So the first thing to do when creating a new virtual device is to give it a name. I was thinking about calling mine “NexusOne” but then I thought I should add a little more detail. However, there is a restriction in the naming policy: you are only allowed to include letters and numbers, no spaces or decimal points (but yes to underscores). This means the logical name “Nexus One Froyo 2.2” is no good. Finally I settled on “Nexus_One_Froyo_2-2”. I selected Target: “Android 2.2 – API Level 8”. If you don’t have it as an option, you need to run the Android SDK updater.

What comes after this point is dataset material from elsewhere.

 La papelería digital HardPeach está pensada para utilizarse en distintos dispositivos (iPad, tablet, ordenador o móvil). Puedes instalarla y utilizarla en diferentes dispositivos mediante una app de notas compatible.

Next select the size of the SD card. I put 2000 MiB.
And the skin of the Nexus One would correctly be WVGA800, which corresponds to 800 x 480 resolution. Technically it’s a slightly different since the particular screen used, but it’s effectively the WVGA800.

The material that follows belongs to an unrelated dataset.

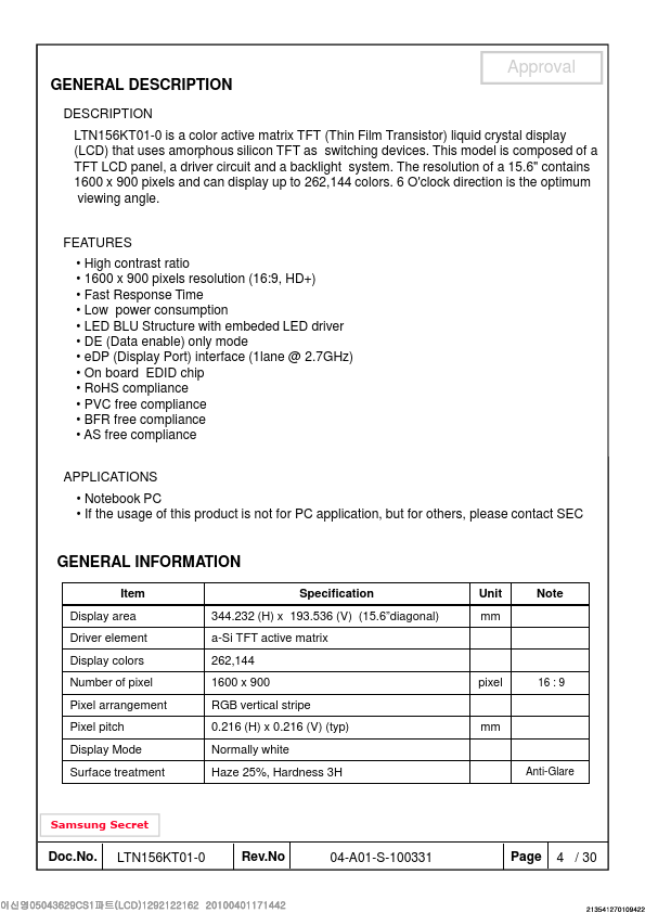 Approval DESCRIPTION LTN156KT01-0 is a color active matrix TFT (Thin Film Transistor) liquid crystal display (LCD) that uses amorphous silicon TFT as switching devices. This model is posed of a TFT LCD panel, a driver circuit and a backlight system. The resolution of a 15.6" contains 1600 x 900 pixels and can display up to 262,144 colors.

Next there’s a bunch of settings to add. I’ve seen some people suggest you need to add all the hardware components manually, but according to the following chart most of the stuff is there by default. (Chart is from http://www.51testing.com/?uid-49689-action-viewspace-itemid-212142)
|Device ram size||The amount of physical RAM on the device, in megabytes. Default value is “96”.||hw.ramSize|
|Touch-screen support||Whether there is a touch screen or not on the device. Default value is “yes”.||hw.touchScreen|
|Trackball support||Whether there is a trackball on the device. Default value is “yes”.||hw.trackBall|
|Keyboard support||Whether the device has a QWERTY keyboard. Default value is “yes”.||hw.keyboard|
|DPad support||Whether the device has DPad keys. Default value is “yes”.||hw.dPad|
|GSM modem support||Whether there is a GSM modem in the device. Default value is “yes”.||hw.gsmModem|
|Camera support||Whether the device has a camera. Default value is “no”.||hw.camera|
|Maximum horizontal camera pixels||Default value is “640”.||hw.camera.maxHorizontalPixels|
|Maximum vertical camera pixels||Default value is “480”.||hw.camera.maxVerticalPixels|
|GPS support||Whether there is a GPS in the device. Default value is “yes”.||hw.gps|
|Battery support||Whether the device can run on a battery. Default value is “yes”.||hw.battery|
|Accelerometer||Whether there is an accelerometer in the device. Default value is “yes”.||hw.accelerometer|
|Audio recording support||Whether the device can record audio. Default value is “yes”.||hw.audioInput|
|Audio playback support||Whether the device can play audio. Default value is “yes”.||hw.audioOutput|
|SD Card support||Whether the device supports insertion/removal of virtual SD Cards. Default value is “yes”.||hw.sdCard|
|Cache partition support||Whether we use a /cache partition on the device. Default value is “yes”.||disk.cachePartition|
|Cache partition size||Default value is “66MB”.||disk.cachePartition.size|
Thus according to the chart we should add “Camera” and the 5.0 megapixel camera on the Nexus One corresponds to 2592 Maximum Horizontal Camera Pixels and 1944 Maximum Vertical Camera Pixels (The exact number of pixels is a guess of mine based on the 5.0 Megapixels, but unless you’re doing some hardcore testing I think it will be fine). Set the Device RAM Size to 512 MB for the Nexus One.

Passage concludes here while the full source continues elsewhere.